---------- DATA BELOW ----------

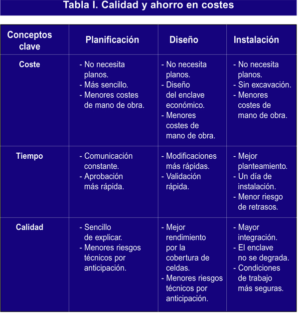 En las Tablas I, II y III se expresan el conjunto de ventajas que aporta el sistema EB1.
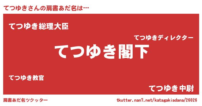 | 男性向けラノベタイトル風あだ名 | 『Re:てつゆきから始める異世界生活』 |
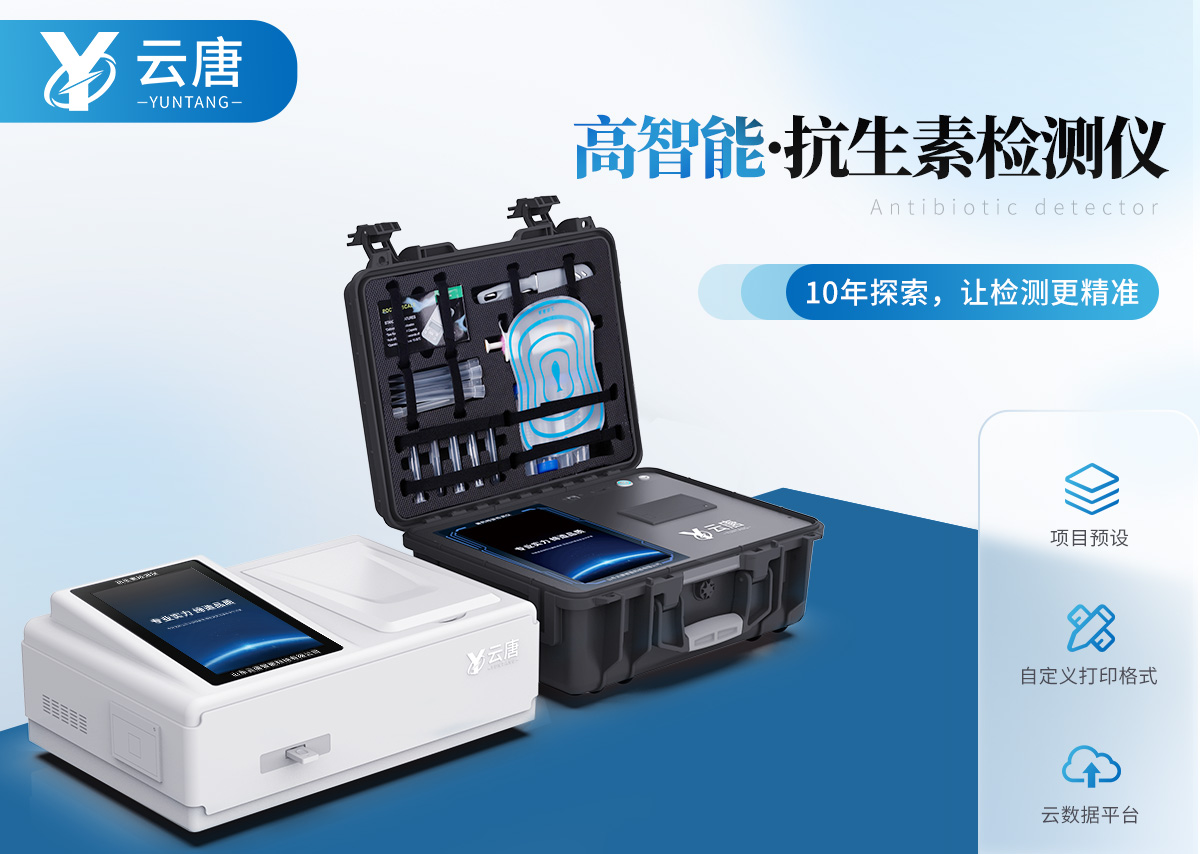 TEL:133-7109-8225 咨询客服山东云唐智能科技有限公司生产的抗生素残留检测仪可现场快速检测抗生素类残留、兽药残留、激素类残留、毒素类残留,化学类残留等多种项目,如可快速检测四环素类、硝基呋喃类、磺胺类、沙星类、喹诺酮类、氯霉素、庆大霉素、链霉素、喹乙醇代谢物、硫酸链霉素、羧苄青霉素、噻孢菌素钠、阿莫西林、氨苄西林、红霉素、潮霉素B、安普霉紊、杆菌肽等抗生素快速检测;还可检测激素类:盐酸克伦特罗、沙丁胺醇、莱克多巴胺、己烯雌酚等,水产兽药:呋喃妥因代谢、呋喃西林代谢、呋喃它酮代谢、呋喃唑酮代谢、孔雀石绿等,毒素类:黄曲酶毒素B1、呕吐毒素、玉米赤霉烯酮、赭曲霉毒素A等,化学类药物:氨丙琳、甲基吡啶磷、阿灭丁、双甲脒、阿散酸、阿维菌素、氮哌酮、苄青霉家、头孢噻呋、克拉维酸、氯羟吡啶等项目。

----------

> _TASK TO COMPLETE_: The required output is every line from the beginning of the material above through the line with "男性向けラノベタイトル風あだ名 | 『Re:てつゆきから始める異世界生活』 |", exact and without pictures.

> _ANSWER TO THE EXERCISE_:
 En las Tablas I, II y III se expresan el conjunto de ventajas que aporta el sistema EB1.
 | 男性向けラノベタイトル風あだ名 | 『Re:てつゆきから始める異世界生活』 |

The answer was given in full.